Next, learn that woman care more for your personality, confidence, intellect, emotional maturity and such..than they do about the amount of melanin in your skin. Those who care about your race are not worth your attention. End of story. On that note, stop giving people reasons to believe that you are making an ass of yourself. I am so DONE with your 'threads' on this silly subject.


----------



## HappyHours (Sep 16, 2011)

I will not date an Indian woman period and they can date who they want, in my experience they try to ruin relationships of Indian men when they are trying to get with any other type of women.

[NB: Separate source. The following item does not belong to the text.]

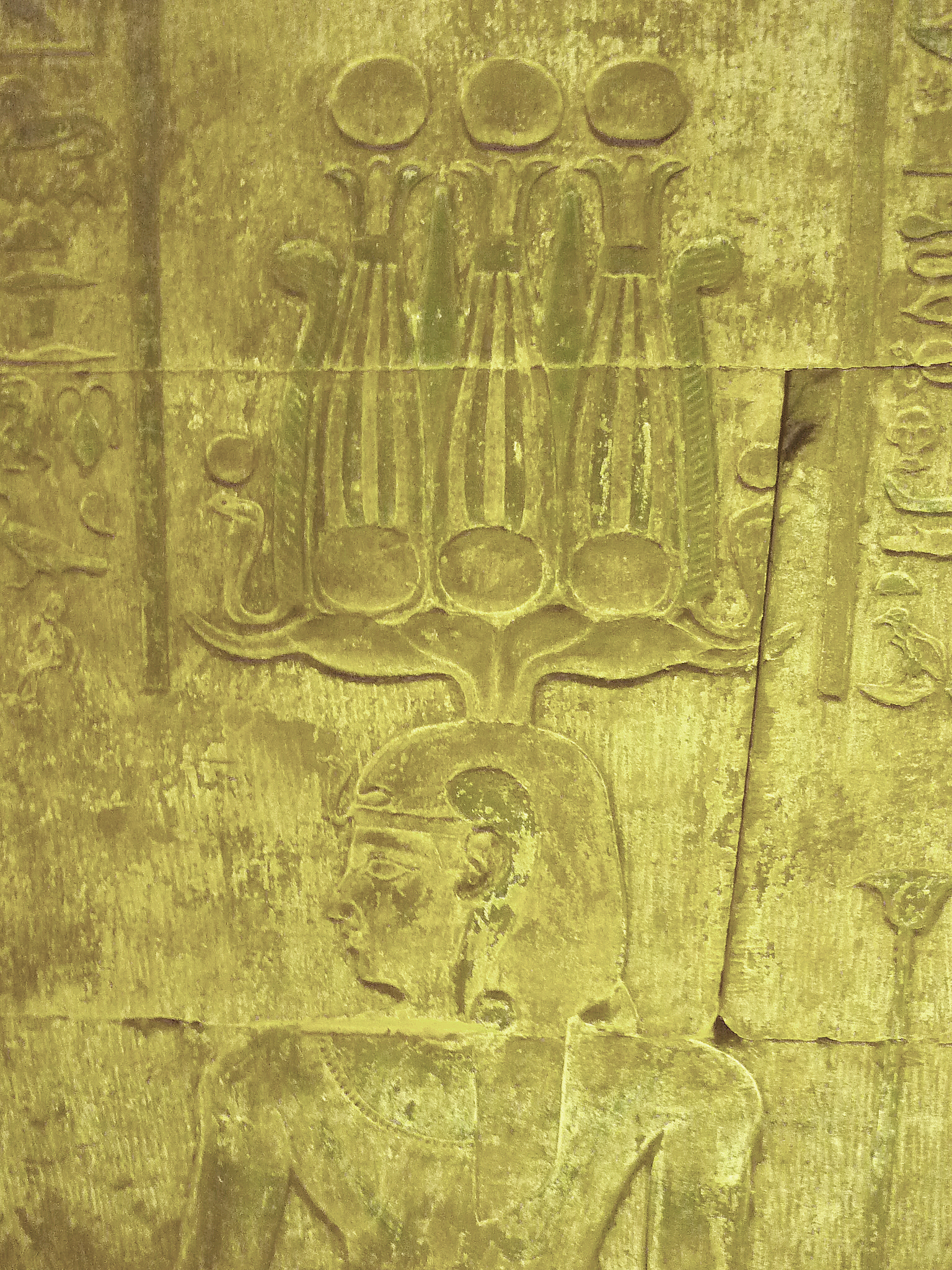 Wall relief in east upstairs, temple of Edfu, Egypt

Grade A hypocrites. One Indian girl I know dating a White guy has tried her best to spread rumors about me and stop me from getting with a girl who is White. 

*I am not changing anything on my account. And MODS, I love HOW you give me an infarction for calling some user on here a prick yet when they endlessly corner me with their hatred and insults you simply stand there and act like nothing is happening. So much for being a welcoming site. I post a thread about interracial relationships and I get bombarded with hatred.

Look, quit hiding the facts, race matters, don't believe me?

http://blog.okcupid.com/index.php/your-race-affects-whether-people-write-you-back/

Read that, look at the chart.

Look the proof is there. Sure there are "bright" women out there but lets be realistic, a large number of them are rare. Most women care about race, lets not run from that fact.

A white guy will initially have an advantage over my because I have olive skin and he has pale skin, mainly because people associate whites with good stereotypes.

we proved it here too

The Totem Pole Of Race Attractiveness » Roosh V

*Maybe you guys live in LALALAND or whatever but the issue is, color matters here in the "real world". 

I will get into an interracial relationship with a beautiful black, hispanic, asian, or White woman when I move to a bigger city and I will be the casanova I want to be because I know I have the potential to be one. I posted this thread for a general idea.


----------



## HappyHours (Sep 16, 2011)

I just overstayed my welcome here, I won't be coming back in a while or ever, I have a lot going on in my life, see you guys!


----------



## absent air (Dec 7, 2010)

> Bottom line, I am not dating an Indian girl, ever, I have been too scarred by them to even consider them for a relationship.


Lol, it's not like you have _any_ choice.


----------